__Task__. All of the data below must be reproduced word for word, but without its images.

__Supplied data__.
*****

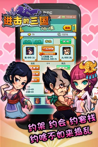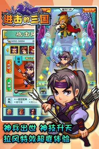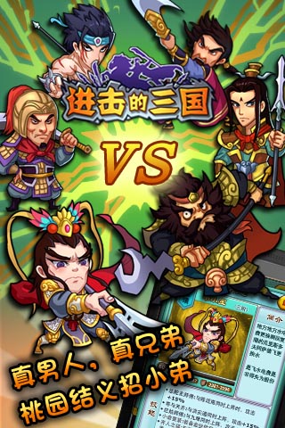 《进击的三国》是一款Q版三国类卡牌手机网游,首创了真金循环领取系统,突破了送礼券礼包的束缚,让玩家更自由的体验游戏真实的乐趣。制作《剑侠系列》 《刀剑2》等游戏配乐的知名游戏音乐制作团队“晓音音乐”参与并制作了游戏背景音乐,让玩家享受到视听的盛宴。 不仅如此游戏丰富的内容,搞笑的剧情,无所不能的穿越系统和卡牌组合给了玩家不一样的体验,还通过三国为题材,以驰骋沙场,收获武将,赤炼兵器,广交情缘为核心主线,让玩家通过剧情闯关、比武对抗以及情缘交友,来获得武将,增强阵容,最终有情人终成眷属一起笑傲三国,获得无上成就感。 《进击的三国》1.1.0版本震撼更新
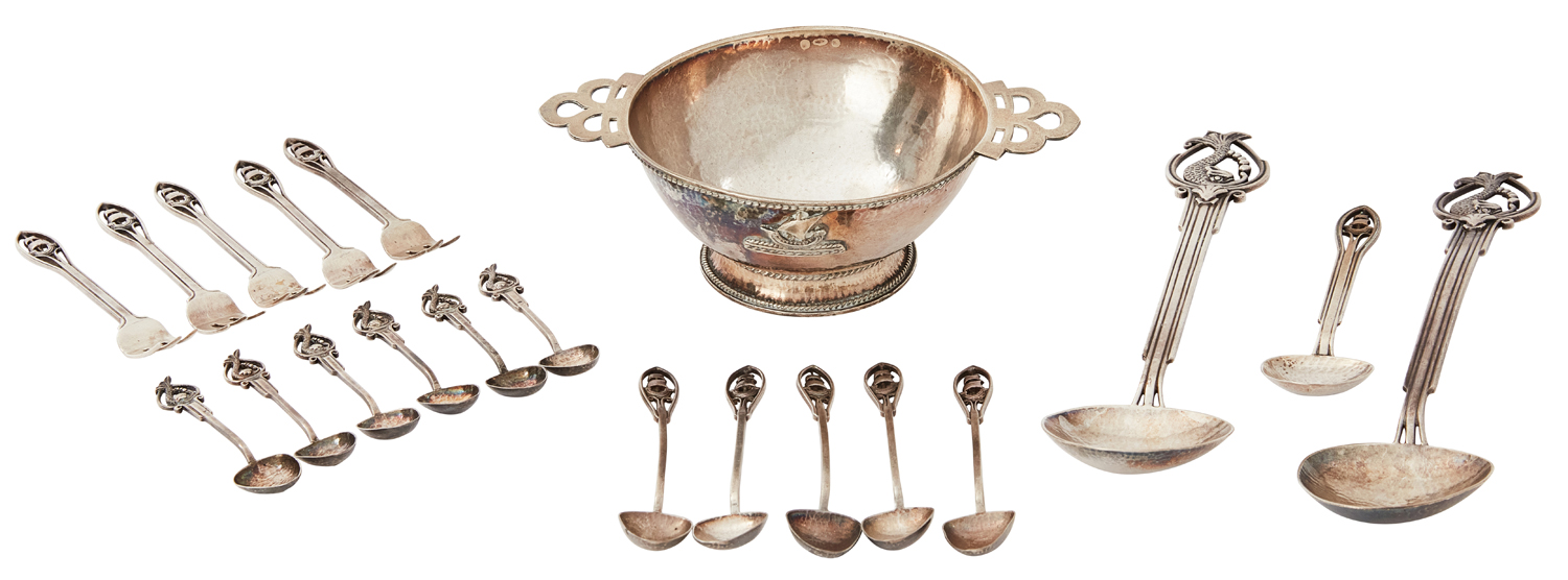 First half 20th century, marked JAL, comprising a quaich style sugar bowl with hammered body and pierced handles, having a ship motif to one side, a matching spoon and a set of five teaspoons and cake forks similar; a pair of large serving spoons with hammered bowls and dolphin finial, and six coffee spoons ensuite.
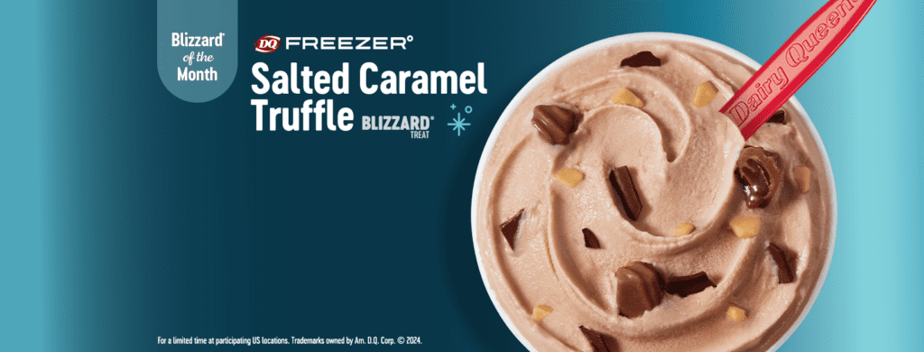Dairy Queen’s latest limited-time Blizzard flavor release from the “DQ Freezer” is Salted Caramel Truffle.
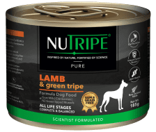 With more than 92% animal protein ingredients, NUTRIPE PURE Lamb & Green Tripe dog food is formulated using premium quality lamb, free range green venison tripe and nutrient-rich organs, along with nutrient rich goat's milk and a proprietary blend of Cranberries, Green-Lipped Mussels and Dried Kelp for added health benefits.

*****

__Completed task__.
 《进击的三国》是一款Q版三国类卡牌手机网游,首创了真金循环领取系统,突破了送礼券礼包的束缚,让玩家更自由的体验游戏真实的乐趣。制作《剑侠系列》 《刀剑2》等游戏配乐的知名游戏音乐制作团队“晓音音乐”参与并制作了游戏背景音乐,让玩家享受到视听的盛宴。 不仅如此游戏丰富的内容,搞笑的剧情,无所不能的穿越系统和卡牌组合给了玩家不一样的体验,还通过三国为题材,以驰骋沙场,收获武将,赤炼兵器,广交情缘为核心主线,让玩家通过剧情闯关、比武对抗以及情缘交友,来获得武将,增强阵容,最终有情人终成眷属一起笑傲三国,获得无上成就感。 《进击的三国》1.1.0版本震撼更新
 First half 20th century, marked JAL, comprising a quaich style sugar bowl with hammered body and pierced handles, having a ship motif to one side, a matching spoon and a set of five teaspoons and cake forks similar; a pair of large serving spoons with hammered bowls and dolphin finial, and six coffee spoons ensuite.
Dairy Queen’s latest limited-time Blizzard flavor release from the “DQ Freezer” is Salted Caramel Truffle.
 With more than 92% animal protein ingredients, NUTRIPE PURE Lamb & Green Tripe dog food is formulated using premium quality lamb, free range green venison tripe and nutrient-rich organs, along with nutrient rich goat's milk and a proprietary blend of Cranberries, Green-Lipped Mussels and Dried Kelp for added health benefits.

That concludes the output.